这种题目直接YY成图中的遍历似乎会好很多。
偷看了cxlove神的代码,羞愧啊...
这种题里其实有两种递推关系,一种是tire树中遍历,以当前所在节点为状态还有一种是寻找当前字母在字符串中的前字符,大神果断选了第一种,可是我居然把两种都选了,以至于想不出啊
**********/
struct __node
{
bool can;
int point, state;
}node[SIZE];
void init(void)
{
int i, j, k;
siz = 1;
word = 0;
memset(gra, 0, sizeof(gra));
memset(fail, 0, sizeof(fail));
for(i = 0; i< 2; ++i)
for(j = 0; j < SIZE; ++j)
for(k =0; k < STAT; ++k)
{
del[i][j][k] = inf;
val[i][j][k] = -inf;
}
for(i = 0; i < SIZE; ++i)
{
node[i].point = node[i].state = 0;
node[i].can = 1;
}
}
void insert(char sec[],const int &__point)
{
int i, current, index;
for(current = 0, i = 0; sec[i]; ++i)
{
index = sec[i] - 'a';
if (!gra[current][index])
gra[current][index] = siz++;
current = gra[current][index];
}
if(__point != 999 && __point != -999)
{
node[current].can = 1;
node[current].point += __point;
}
else if(__point == 999)
{
node[current].can = 1;
node[current].state |= 1 << (word++);
}
else node[current].can = 0;
}
void build_ac(void)
{
int current,v;
deque<int>q;
q.clear();
for(int i=0;i<wiz;i++)
if(gra[0][i])q.push_back(gra[0][i]);
while(!q.empty())
{
current=q.front();
q.pop_front();
for(int i = 0;i < wiz;++i)
if(gra[current][i])
{
v = gra[current][i];
fail[v] = gra[fail[current]][i];
node[v].can &= node[fail[v]].can;
node[v].point += node[fail[v]].point;
node[v].state |= node[fail[v]].state;
q.push_back(v);
}
else gra[current][i] = gra[fail[current]][i];
}
}
int main(void)
{
char str[LMT];
int T, n, g,lim, i, ans, value, current, index, state, I = 1;
scanf("%d", &T);
while(T--)
{
init();
lim = 0;ans = inf;
scanf("%d",&n);
while(n--)
{
scanf("%s%d", str, &g);
insert(str,g);
}
build_ac();
lim = (1 << word) -1;
str[0] = 5;
scanf("%s", &str[1]);
del[0][0][0] = 0;
val[0][0][0] = 0;
for(i = 1;str[i]; ++i)
{
for(current = 0; current < siz; ++current)

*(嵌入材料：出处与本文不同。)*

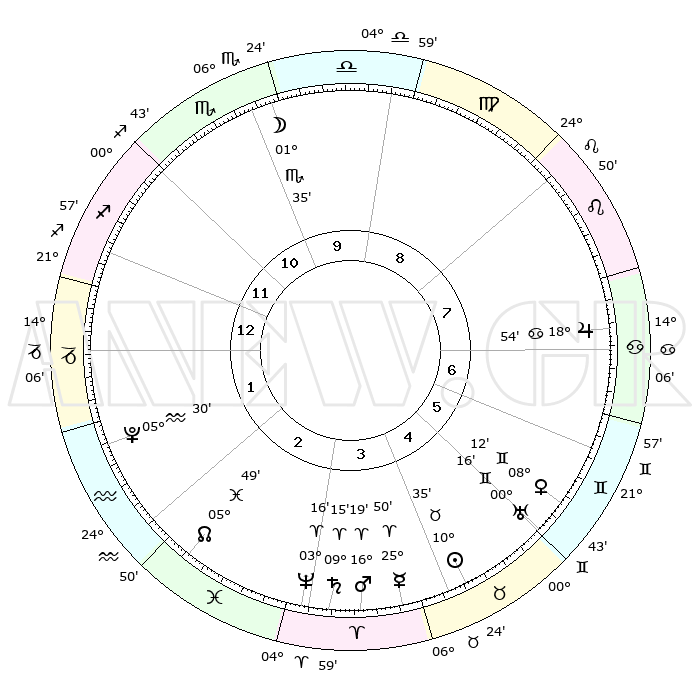 | | ΘΕΣΕΙΣ ΠΛΑΝΗΤΩΝ ΑΣΤΡΟΛΟΓΙΚΟΥ ΧΑΡΤΗ ΤΗΣ ΣΤΙΓΜΗΣ ΑΥΤΗΣ | | | | Πλανήτης | Ζώδιο | Μοίρες | Δεκαήμ. | Σε οίκο | Απόκλιση | | Ακμές των οίκων | | Ηλιος | Ταύρος | 10°32' | Δεύτερο | 4 | 14 N 59 | | 1ος | 29°35' | Τοξότης | | Σελήνη | Σκορπιός | 01°04' | Πρώτο | 10 | 15 S 40 | | 2ος | 06°38' | Υδροχόος | | Ερμής | Κριός | 25°46' | Τρίτο | 4 | 08 N 09 | | 3ος | 16°36' | Ιχθείς | | Αφροδίτη | Δίδυμοι | 08°09' | Πρώτο | 5 | 22 N 33 | | 4ος | 20°36' | Κριός | | Αρης | Κριός | 16°17' | Δεύτερο | 3 | 05 N 35 | | 5ος | 16°59' | Ταύρος | | Δίας | Καρκίνος | 18°54' | Δεύτερο | 7 | 22 N 29 | | 6ος | 08°49' | Δίδυμοι | | Κρόνος | Κριός | 09°15' | Πρώτο | 3 | 01 N 40 | | 7ος | 29°35' | Δίδυμοι | | Ουρανός | Δίδυμοι | 00°16' | Πρώτο | 5 | 20 N 02 | | 8ος | 06°38' | Λέων | | Ποσειδώνας | Κριός | 03°16' | Πρώτο | 3 | 00 N 05 | | 9ος | 16°36' | Παρθένος | | Πλούτωνας | Υδροχόος | 05°30' | Πρώτο | 1 | 22 S 49 | | 10ος | 20°36' | Ζυγός | | Β. Δεσμός | Ιχθείς | 05°49' | Πρώτο | 2 | 09 S 22 | | 11ος | 16°59' | Σκορπιός | | Ωροσκόπος | Τοξότης | 29°35' | Τρίτο | | | 12ος | 08°49' | Τοξότης | | Μεσουράνημα | Ζυγός | 20°36' | Τρίτο | | | |

for(state = 0; state <= lim; ++state)
{
del[i & 1][current][state] = del[(i + 1) & 1][current][state] + 1;//删除当前字符,节点不变
val[i & 1][current][state] = val[(i + 1) & 1][current][state];
}
for(current = 0; current < siz; ++current)
for(state = 0; state <=lim; ++state)
{
index = gra[current][str[i] - 'a'];
if (!node[index].can ||
del[(i + 1) & 1][current][state] >= inf)continue;
if (del[i & 1][index][state | node[index].state]
> del[(i + 1) & 1][current][state])
{
del[i & 1][index][state | node[index].state] = del[(i + 1) & 1][current][state];
val[i & 1][index][state | node[index].state] = val[(i + 1) & 1][current][state] + node[index].point;
}
else if (del[i & 1][index][state | node[index].state]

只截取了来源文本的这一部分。